Re: [AMBER] How to do clustering analysis by ptraj? from Thomas Cheatham on 2013-09-20 (Amber Archive Sep 2013)

From: Thomas Cheatham <tec3.utah.edu>
Date: Fri, 20 Sep 2013 11:42:07 -0600 (Mountain Daylight Time)

> However, I still have some question about how to use option "epsilon" and
> "clusters".
> Normally,* what case should we use "epsilon" or "clusters"?*

Epsilon specifies the cutoff, and if epsilon is too small, you get many
many clusters which is tricky to analyze / understand.

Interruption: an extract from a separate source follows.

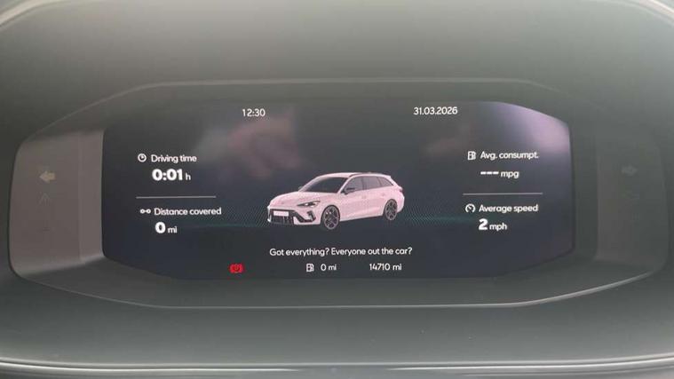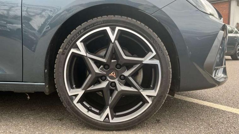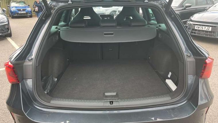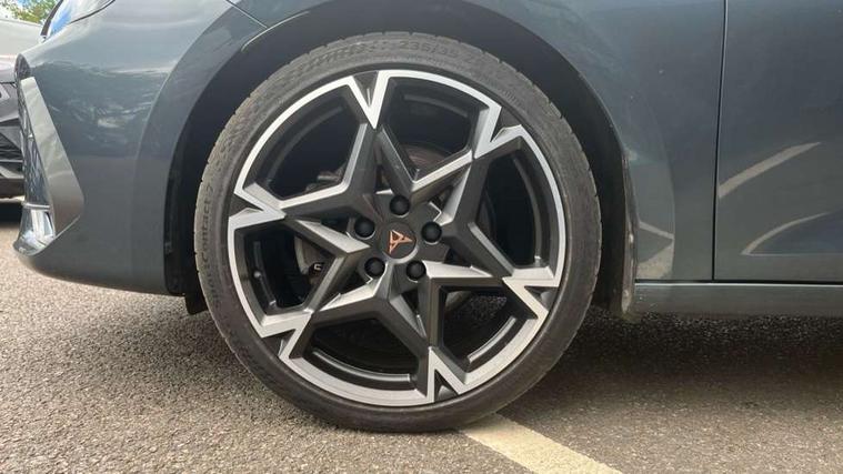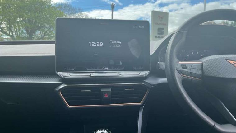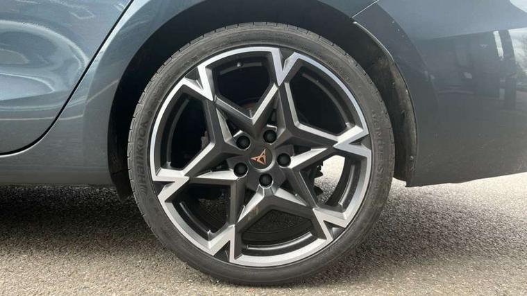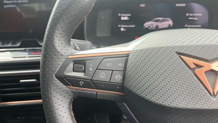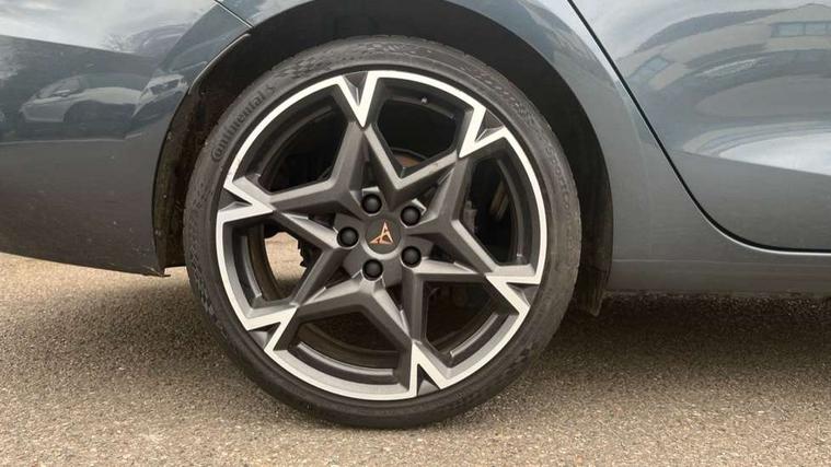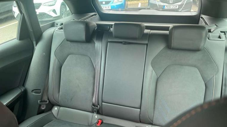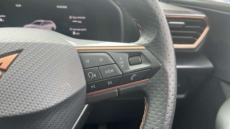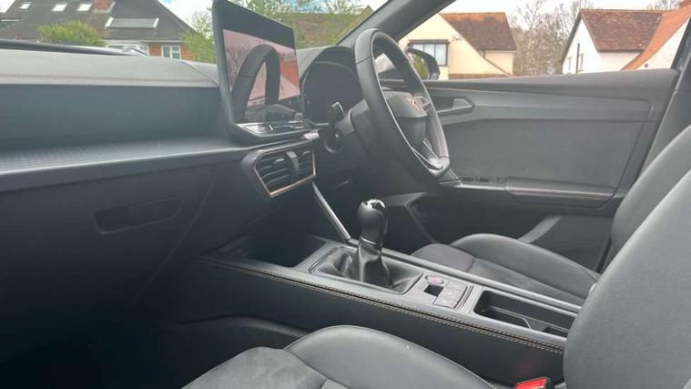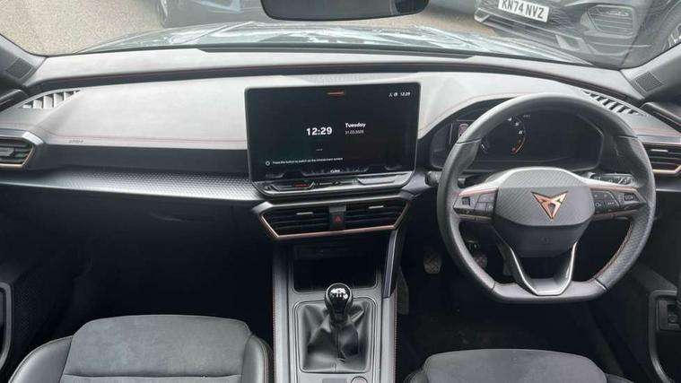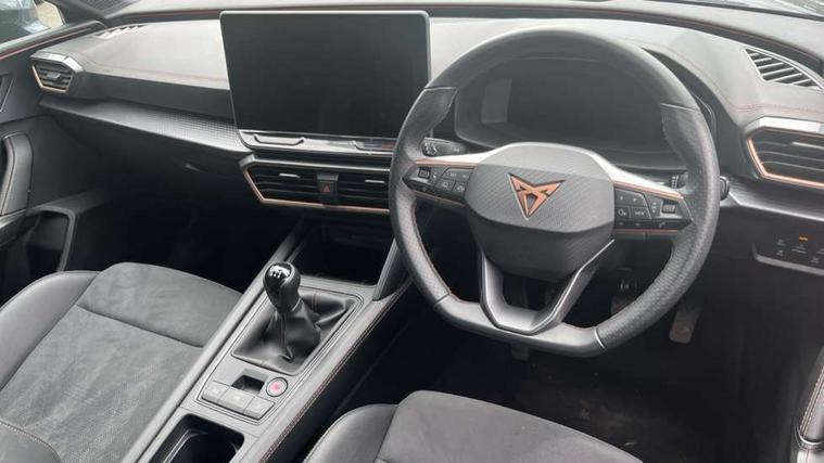 Adaptive cruise control with follow-to-stop and speed limiter, CUPRA drive profile selection with (Comfort/Sport/Individual), throttle response and gearshift mode, Digital cockpit, Dynamic road sign display, E-call, Front and rear parking sensors, Front assist with forward collision warning braking reaction to vehicles, pedestrians and cyclists, Full link smartphone integration with Mirror Link, wireless Apple CarPlay and wired Google Android Auto, Lane assist, Lockable tailgate, Rear view camera, RPM, trip computer, outside temp gauge, instrument light brightness, low fuel warning light, lights on reminder, gearshift indicator, Service interval indicator, Start/stop system with regenerative braking, Virtual pedal with electric tailgate, Wireless phone charger, Auxiliary input socket, Auto dimming rear view mirror, Body colour door handles, Body coloured bumpers, Cupra sports bumpers, Dark tinted rear windows, Electric front/rear windows, Electrically adjustable, heated and folding door mirrors, Gloss black roof rails, High beam assist, LED front fog lamps with cornering function, LED headlights with dynamic turn signals, tail lights, rear fog lights with rear coast to coast lighting, LED rear fog lamp, Rain sensing wipers, Rear side wing doors, Rear wash/wipe, Separate daytime running light with automatic headlight control and coming home feature, Third brake light, Welcome light with logo projector in door mirrors, 12v power supply in centre console, 3 seat bench in 2nd row, 5 headrests, 60/40 split rear bench seat with armrest, Ambient lighting (glovebox, footwell, ambient lighting multicoloured), Black headlining, CUPRA Leather flat bottomed, heated, perforated steering wheel, Dinamica cloth upholstery, Electrically adjustable driver seat and lumbar support with memory function + manually adjustable passenger seat, Four x USB Type C ports (2 in front and 2 in rear), Front and rear reading lights X 4, Front centre armrest, Heated front seats, Height/reach adjust steering wheel, Illuminated interior front door sills, Interior wraparound lighting, ISOFIX points in outer rear seats with top tether anchorage points, Single front passenger seat, Sliding boot cover, Storage pockets on rear of front seats, Sunvisors with illuminated mirror, Three zone climate control, Dynamic and comfort pack - Leon Cupra, Media system plus with 12.9" display + navigation pack - Leon Cupra, 3 point seatbelts on all rear seats, ABS, Brake control system - ESC and brake booster, Child proof door locks, Cupra black brake calipers, Driver and front passenger airbags with front passenger airbag de-activation, front side and curtain airbags, Electronic parking brake, Hill hold control, Rear disc brakes, Seat belt reminder for front and rear seats, Tiredness recognition system, Tyre pressure monitoring system, Anti theft alarm system with interior monitoring in cab, backup horn and towing protection, KESSY Advanced - Keyless start, keyless entry, Locking wheel bolts, Chrome and copper interior detailing, 19" Polar machined sport black and silver alloy wheel with 91Y tyres, Tool kit,

There really isn't a case to specify which is better, it is simply a
preference; essentially, clustering results depend on choices made in
clustering algorithm, cutoff/epsilon, etc. and you want to run multiple
variants of the clustering until you find a partitioning that helps
explain your data.

> *when I publish my result, is it necessary to analysis all frames?*

Using the sieve doesn't miss frames, it just uses a subset to do the
initial clustering and then puts the skipped points into existing
clusters. As long as you do not miss a particular cluster with the sieve,
results should be comparable to clustering over all frames. The way to
check is to cluster multiple times (with different offsets, sieve sizes,
and/or random frame sieving) to see how the results compare.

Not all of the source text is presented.